Input —
*** Begin section ***
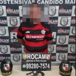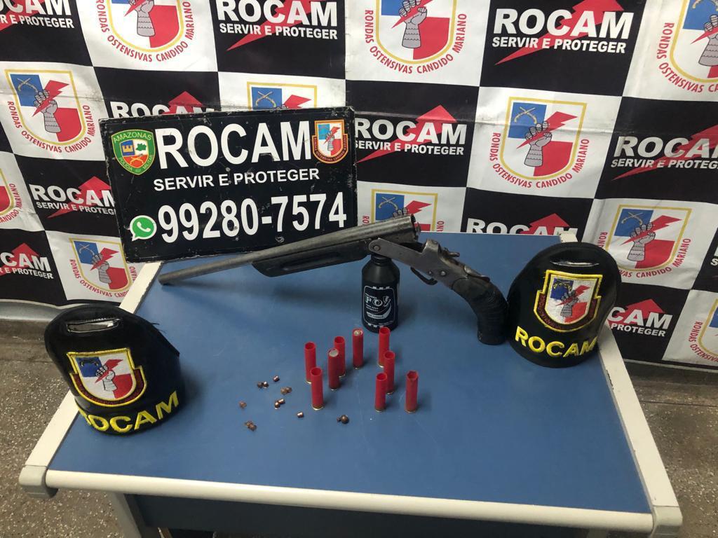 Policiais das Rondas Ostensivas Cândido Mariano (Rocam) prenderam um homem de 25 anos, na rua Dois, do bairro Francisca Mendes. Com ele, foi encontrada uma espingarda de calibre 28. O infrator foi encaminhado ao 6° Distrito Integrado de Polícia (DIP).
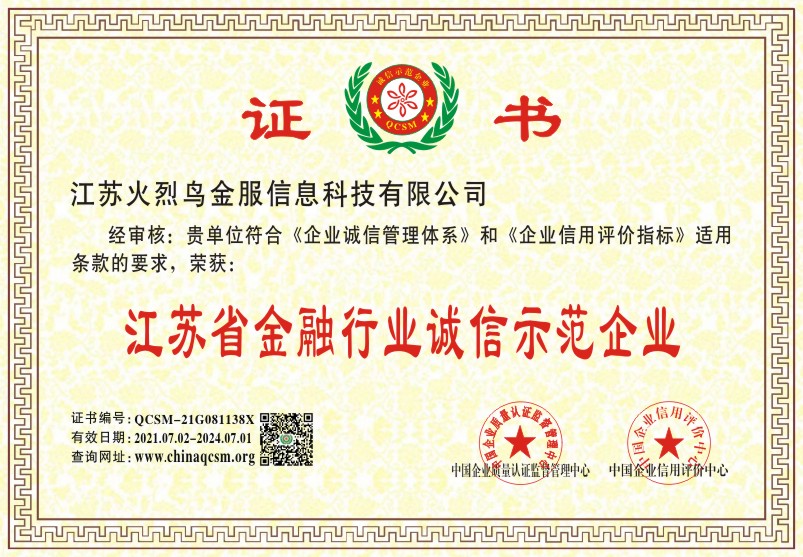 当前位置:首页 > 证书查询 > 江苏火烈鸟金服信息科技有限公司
*** End section ***
*** Begin section ***
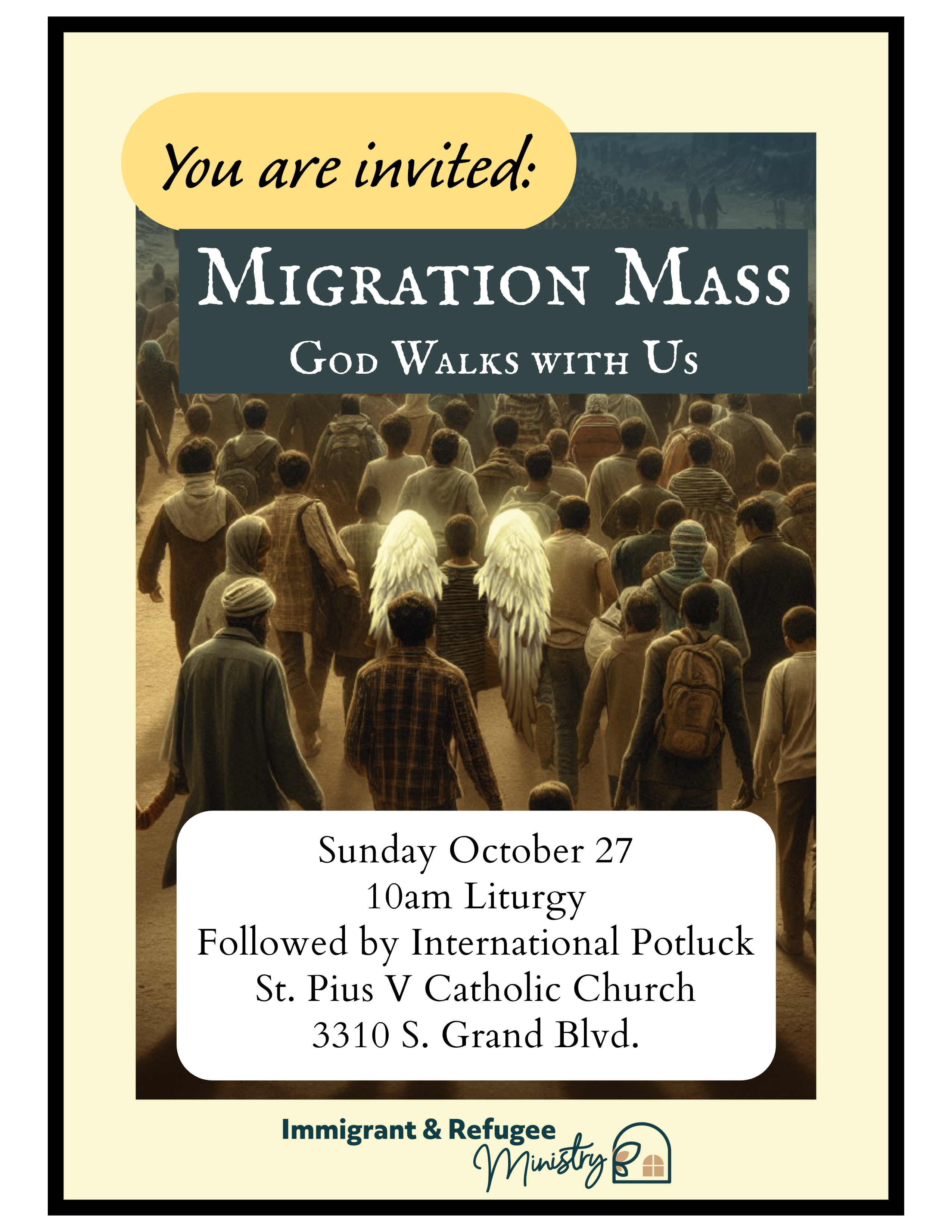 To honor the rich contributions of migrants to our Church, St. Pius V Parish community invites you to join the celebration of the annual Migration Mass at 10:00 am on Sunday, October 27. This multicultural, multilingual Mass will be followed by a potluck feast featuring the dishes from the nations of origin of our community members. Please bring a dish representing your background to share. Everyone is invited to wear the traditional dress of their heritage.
*** End section ***
*** Begin section ***
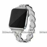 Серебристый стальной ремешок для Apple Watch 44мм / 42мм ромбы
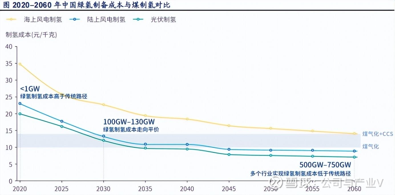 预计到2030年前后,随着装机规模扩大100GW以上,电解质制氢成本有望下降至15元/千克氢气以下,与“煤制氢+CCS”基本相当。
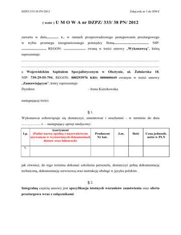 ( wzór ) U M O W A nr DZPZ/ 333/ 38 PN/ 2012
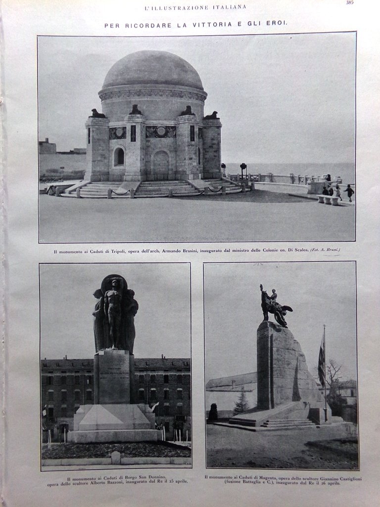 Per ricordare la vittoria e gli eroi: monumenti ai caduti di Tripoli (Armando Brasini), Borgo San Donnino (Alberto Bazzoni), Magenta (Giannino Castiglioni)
*** End section ***
Prompt — In the records above, find the line with "预计到2030年前后,随着装" and the line with "Per ricordare la", then restate word for word only those two lines and all lines between, omitting pictures.

Answer section —
 预计到2030年前后,随着装机规模扩大100GW以上,电解质制氢成本有望下降至15元/千克氢气以下,与“煤制氢+CCS”基本相当。
 ( wzór ) U M O W A nr DZPZ/ 333/ 38 PN/ 2012
 Per ricordare la vittoria e gli eroi: monumenti ai caduti di Tripoli (Armando Brasini), Borgo San Donnino (Alberto Bazzoni), Magenta (Giannino Castiglioni)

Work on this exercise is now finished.